((

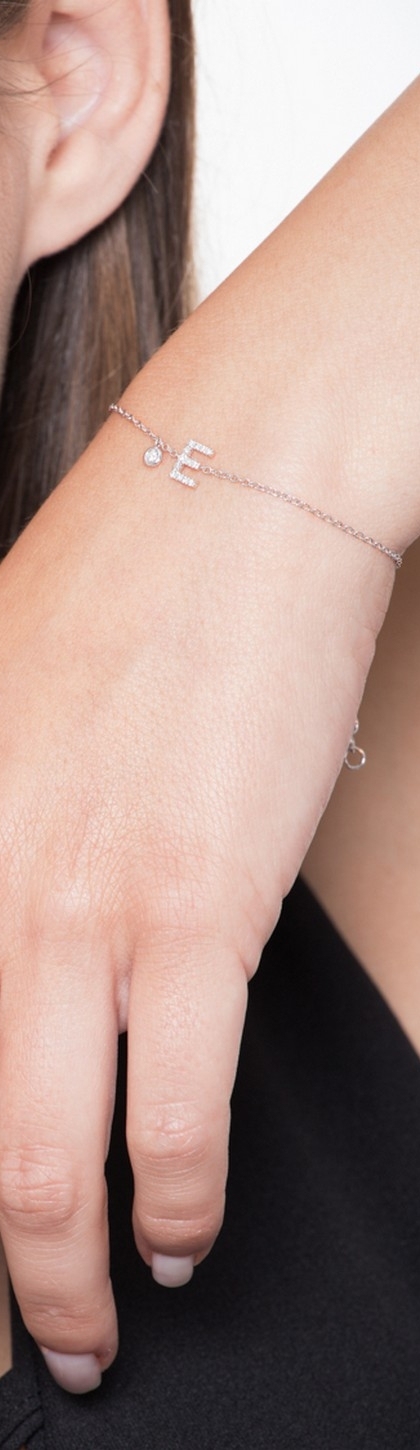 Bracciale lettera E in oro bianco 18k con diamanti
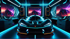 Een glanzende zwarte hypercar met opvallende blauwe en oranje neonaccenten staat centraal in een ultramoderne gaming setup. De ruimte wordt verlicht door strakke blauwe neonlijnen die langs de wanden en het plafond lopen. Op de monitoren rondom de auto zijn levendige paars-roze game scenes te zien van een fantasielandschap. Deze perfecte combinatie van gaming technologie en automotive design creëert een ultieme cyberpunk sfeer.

))
((

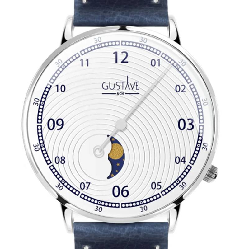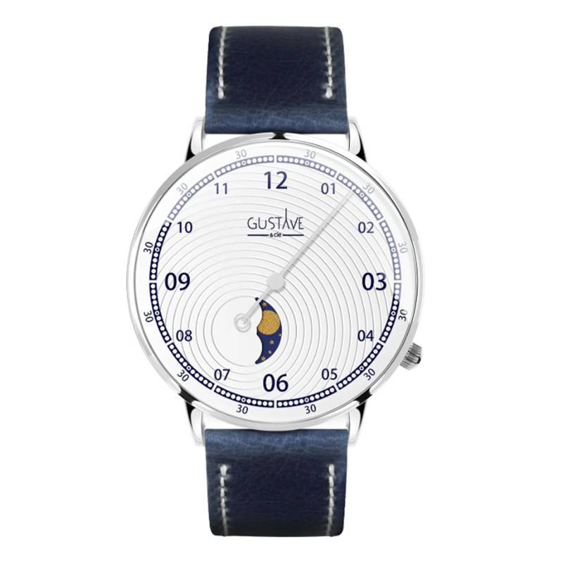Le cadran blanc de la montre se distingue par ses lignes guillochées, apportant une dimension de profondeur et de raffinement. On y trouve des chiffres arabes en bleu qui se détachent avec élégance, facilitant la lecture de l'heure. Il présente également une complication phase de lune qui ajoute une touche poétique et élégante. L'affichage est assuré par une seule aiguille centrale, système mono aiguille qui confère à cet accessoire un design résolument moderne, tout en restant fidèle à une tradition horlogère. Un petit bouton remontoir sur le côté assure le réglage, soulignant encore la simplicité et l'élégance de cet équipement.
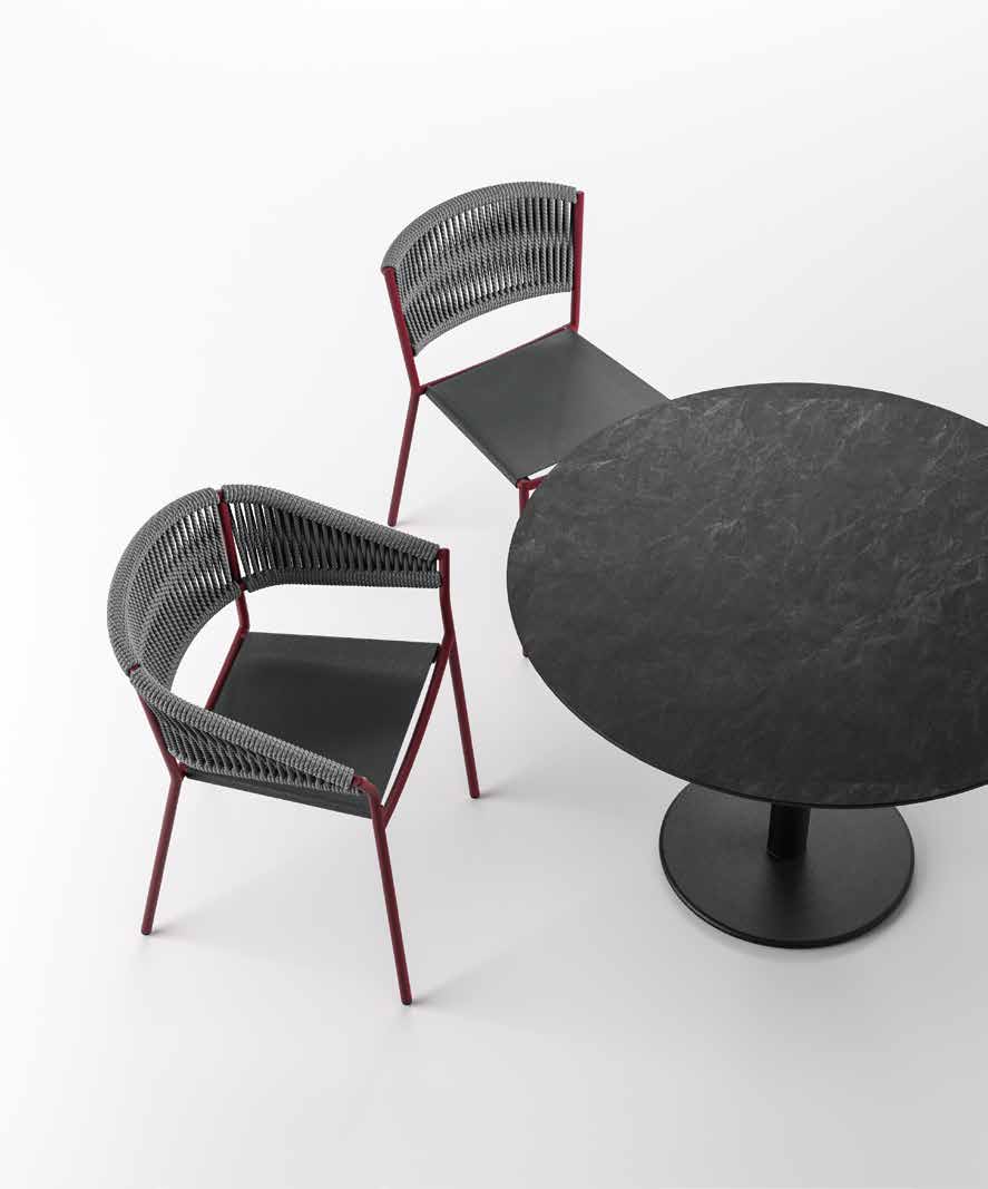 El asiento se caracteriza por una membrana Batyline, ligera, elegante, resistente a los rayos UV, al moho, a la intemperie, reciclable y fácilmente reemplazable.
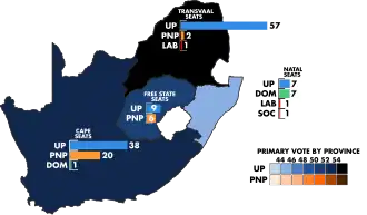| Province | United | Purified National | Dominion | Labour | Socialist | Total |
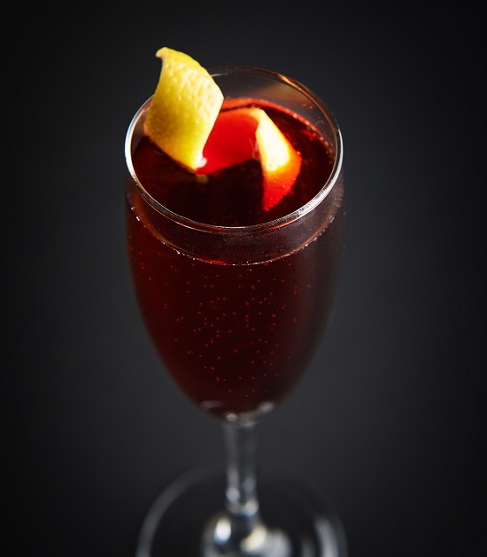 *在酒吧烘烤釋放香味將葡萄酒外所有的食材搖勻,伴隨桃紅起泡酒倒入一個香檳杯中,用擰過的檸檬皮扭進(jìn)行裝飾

))

[PROBLEM DESCRIPTION]
Starting at the line containing "Bracciale lettera E" and finishing at the line containing "Een glanzende zwarte", return those lines exactly as they appear above, without the pictures.

[YOUR RESPONSE]
 Bracciale lettera E in oro bianco 18k con diamanti
 Een glanzende zwarte hypercar met opvallende blauwe en oranje neonaccenten staat centraal in een ultramoderne gaming setup. De ruimte wordt verlicht door strakke blauwe neonlijnen die langs de wanden en het plafond lopen. Op de monitoren rondom de auto zijn levendige paars-roze game scenes te zien van een fantasielandschap. Deze perfecte combinatie van gaming technologie en automotive design creëert een ultieme cyberpunk sfeer.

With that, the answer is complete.